During the 2012 tax year, the organization reported total revenue of $157,870.00, no employee salary or compensation, and total operating expenses of $296,044.00.

===2013===
In early January 2013, the SIOA placed advertisements in New York City Subway stations that juxtaposed images of the September 11 attacks with a quote from the Quran: "Soon shall we cast terror into the hearts of the unbelievers." By that time the New York City Transit Authority had changed its advertising policy to accept what it called "viewpoint advertisements" but to require a disclaimer saying that the Transit Authority did not endorse the advertiser's views.

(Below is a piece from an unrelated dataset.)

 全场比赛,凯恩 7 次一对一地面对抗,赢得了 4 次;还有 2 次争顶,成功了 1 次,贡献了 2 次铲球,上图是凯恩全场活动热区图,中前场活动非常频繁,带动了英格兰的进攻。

In the fiscal year 2013, the organization disclosed a complete revenue amounting to $958,800.00. Employee wages and benefits stood at $243,150.00, while the overall operational costs totaled $419,652.00.

===2014===
In response to an ad by the American Muslims for Palestine that the SIOA called "Jew-hating", the SIOA sponsored an ad on Washington, D.C., buses with a photograph of Adolf Hitler and Haj Amin al-Husseini, the Grand Mufti of Jerusalem who supported the Nazi dictator before and during World War II.

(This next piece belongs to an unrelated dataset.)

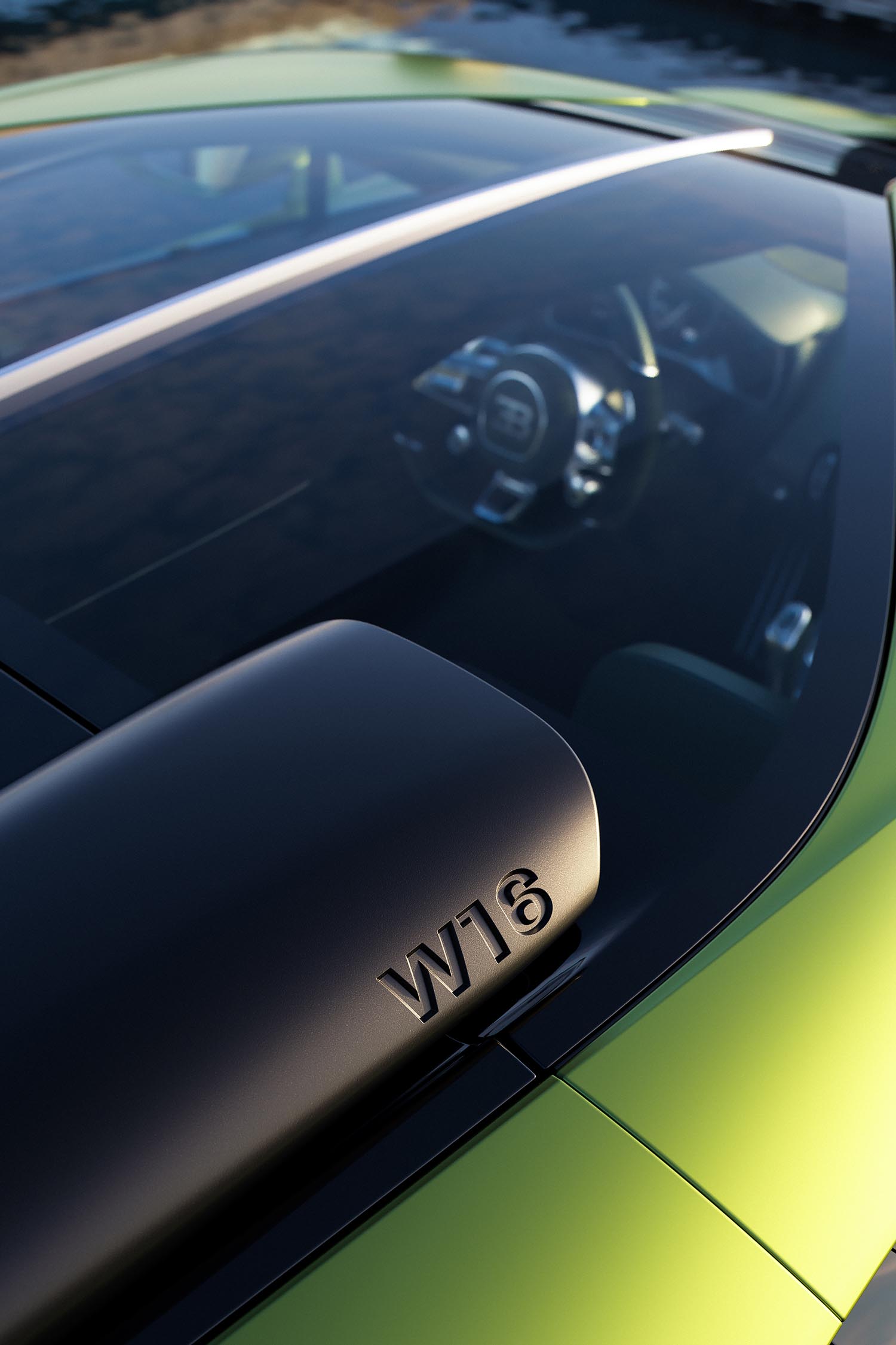 A motorján kívül a dizájnja is a Mistralt idézi, a fényszórók és a hátsó lámpák megegyeznek vele, mintha csak annak a csukott tetős változata lenne. A hátsó szárnyat pedig a Chiron Profilée változatáról vette elő a Bugatti.

In May, the U.S. Court of Appeals for the Federal Circuit ruled that the U.S. Patent and Trademark Office was not required to grant SIOA a trademark registration for its name because it could be disparaging to American Muslims. Geller criticized the ruling, calling it a "complete whitewash" and describing the court as having a politically correct bias.

===2015===
In 2015 the SIOA started a new ad campaign in New York, that included one parody billboard with a quote from Hamas stating 'Killing Jews is worship that draws us close to Allah.' A court judgement in April 2015 ruled that New York's Metropolitan Transportation Authority cannot prevent the ads from running on buses.

In January 2015 a Muslim group organized a fundraiser called "Stand With the Prophet in Honor and Respect" at the Curtis Culwell Center in Garland, Texas. Pamela Geller spearheaded about 1,000 picketers at that event. The Garland Independent School District board president Rick Lambert said in January, "The Culwell Center is available for rental as long as you comply with the law. Because it is a public facility, the district is not allowed to discriminate based upon viewpoint."

====Garland shooting====

On May 3, 2015, the SIOA invited Geert Wilders to an art exhibit in Garland, Texas that offered a $10,000 prize for the best cartoon of Muhammad. During the event, a shooting incident occurred. Both gunmen, later identified as ISIL-inspired, were shot and killed by police shortly after the suspects shot a security guard.

The SIOA says it spent $10,000 on security, and had 40 police officers and private security guards present. The event was hosted at the Curtis Culwell Center, rented from the Garland Independent School District, which hosted an event in January called "Stand with the Prophet".

== Stop Islamization of Nations ==
Stop Islamization of Nations (SION) is an international counter-jihad organization founded in 2012 by Pamela Geller and Robert Spencer of SIOA, and Anders Gravers Pedersen of SIOE. Other board members are Debbie Robinson, of Q Society of Australia; Ezra Levant, a Canadian publisher; Wafa Sultan, a Syrian-American writer; Ali Sina, an Iranian-born Canadian activist; Stefan Herre, a German author of the blog Politically Incorrect; Mordechai Kedar, an Israeli author; Babu Suseelan, a Hindu activist; Oskar Freysinger, a Swiss politician; Cliff Kincaid, editor of the Accuracy in Media Report; and Ashraf Rameleh the President of Voice of the Copts. Pamela Geller and Robert Spencer are President and Vice President of SION. SION has taken part in hosting international counter-jihad conferences along with other organisations and multiple individual speakers, including in Stockholm, Sweden and New York City in 2012 and in Melbourne, Australia in 2014.